To obtain training data for their computational model, the researchers first exposed A. baumannii grown in a lab dish to about 7,500 different chemical compounds to see which ones could inhibit growth of the microbe. Then they fed the structure of each molecule into the model. They also told the model whether each structure could inhibit bacterial growth or not. This allowed the algorithm to learn chemical features associated with growth inhibition.
Once the model was trained, the researchers used it to analyze a set of 6,680 compounds it had not seen before, which came from the Drug Repurposing Hub at the Broad Institute. This analysis, which took less than two hours, yielded a few hundred top hits. Of these, the researchers chose 240 to test experimentally in the lab, focusing on compounds with structures that were different from those of existing antibiotics or molecules from the training data.
Those tests yielded nine antibiotics, including one that was very potent. This compound, which was originally explored as a potential diabetes drug, turned out to be extremely effective at killing A. baumannii but had no effect on other species of bacteria including Pseudomonas aeruginosa, Staphylococcus aureus, and carbapenem-resistant Enterobacteriaceae.
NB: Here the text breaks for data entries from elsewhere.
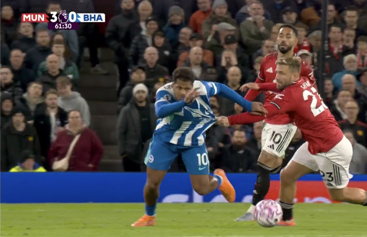6686体育10月26日讯 英超联赛事第9轮,曼联主队场对阵布莱顿的下半场竞赛第61分钟,卢克·肖守卫中拉拽布莱顿攻击手吕特致其倒地,随后曼联反击取得进球,3-0领跑位。主裁判判安东尼·泰勒拒绝吹罚卢克·肖此前的守卫违例。
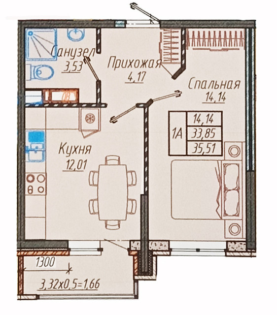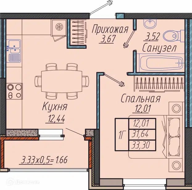 Общая площадь 34 м2
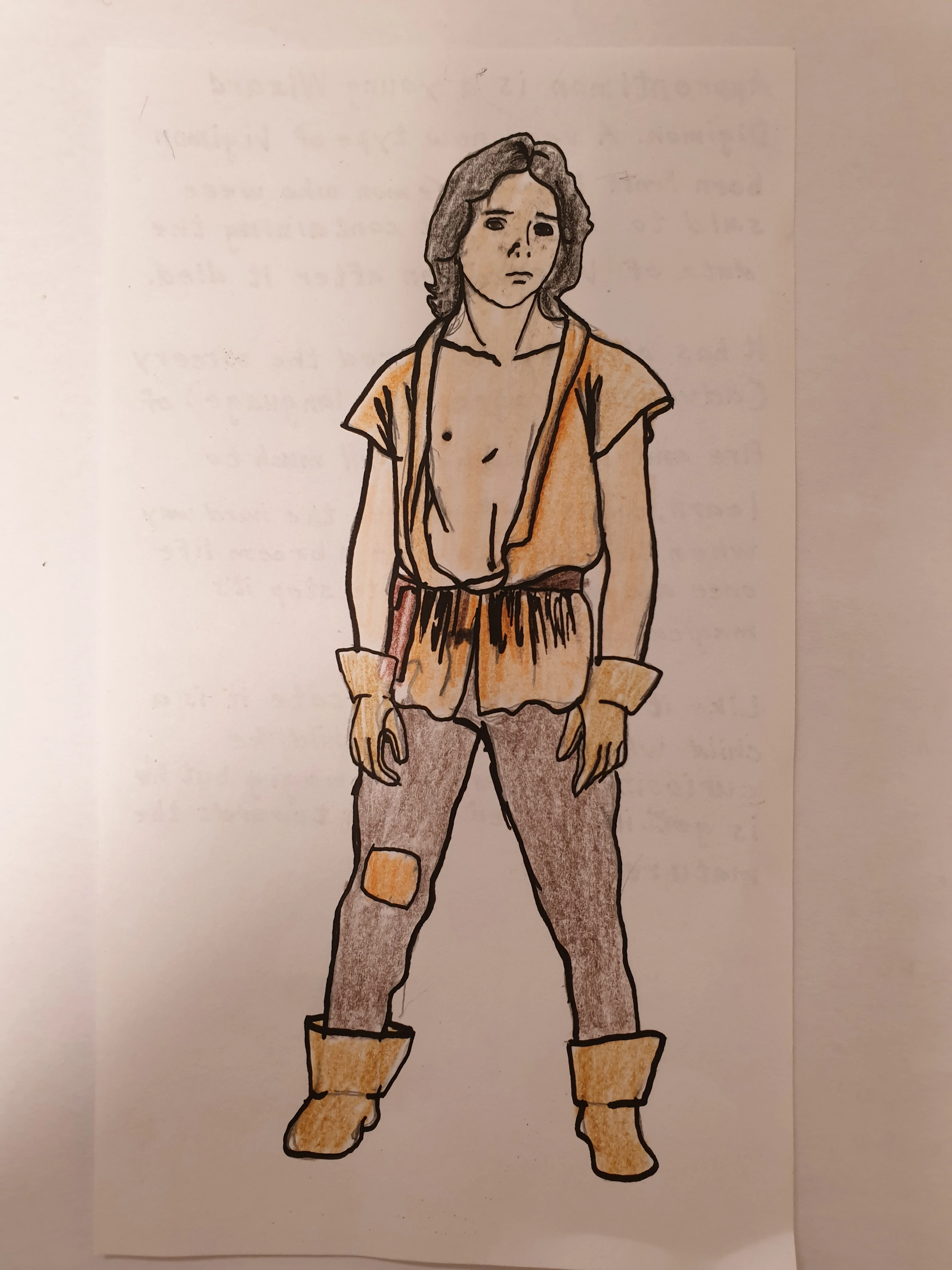 Apprentimon is a childlike humanoid. Unlike most humanoids it does not conceal its human-like face so its onix-black eyes and black hair can be seen. The Digimon wears an open short-sleeved shirt held closed with a belt around its waist that has a leather pouch attached to it, dark brown pants with a patch on the right knee. It wears brown shoes and matching brown gloves.

This “narrow spectrum” killing ability is a desirable feature for antibiotics because it minimizes the risk of bacteria rapidly spreading resistance against the drug. Another advantage is that the drug would likely spare the beneficial bacteria that live in the human gut and help to suppress opportunistic infections such as Clostridium difficile.
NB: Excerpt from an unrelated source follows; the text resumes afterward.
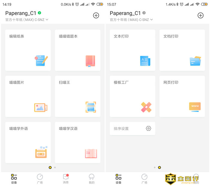 喵喵机MAX配对方法很简单,打开蓝牙和喵喵机即可轻松完成配对,可见喵喵机MAX型号为C1。喵喵机APP 把主要功能整合为10个版块,包括编辑纸条,喵喵错题本,喵喵图片,扫描王,喵喵学外语,喵喵学汉语,文本打印,文档打印,模板工厂和网页打印。

“Antibiotics often have to be administered systemically, and the last thing you want to do is cause significant dysbiosis and open up these already sick patients to secondary infections,” Stokes says.
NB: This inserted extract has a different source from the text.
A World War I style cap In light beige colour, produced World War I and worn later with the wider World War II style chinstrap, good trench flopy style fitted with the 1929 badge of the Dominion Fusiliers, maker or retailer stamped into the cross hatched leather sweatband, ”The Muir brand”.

In studies in mice, the researchers showed that the drug, which they named abaucin, could treat wound infections caused by A. baumannii. They also showed, in lab tests, that it works against a variety of drug-resistant A. baumannii strains isolated from human patients.
Further experiments revealed that the drug kills cells by interfering with a process known as lipoprotein trafficking, which cells use to transport proteins from the interior of the cell to the cell envelope. Specifically, the drug appears to inhibit LolE, a protein involved in this process.
All Gram-negative bacteria express this enzyme, so the researchers were surprised to find that abaucin is so selective in targeting A. baumannii. They hypothesize that slight differences in how A. baumannii performs this task might account for the drug’s selectivity.
“We haven’t finalized the experimental data acquisition yet, but we think it’s because A. baumannii does lipoprotein trafficking a little bit differently than other Gram-negative species. We believe that’s why we’re getting this narrow spectrum activity,” Stokes says.
Stokes’ lab is now working with other researchers at McMaster to optimize the medicinal properties of the compound, in hopes of developing it for eventual use in patients.
The researchers also plan to use their modeling approach to identify potential antibiotics for other types of drug-resistant infections, including those caused by Staphylococcus aureus and Pseudomonas aeruginosa.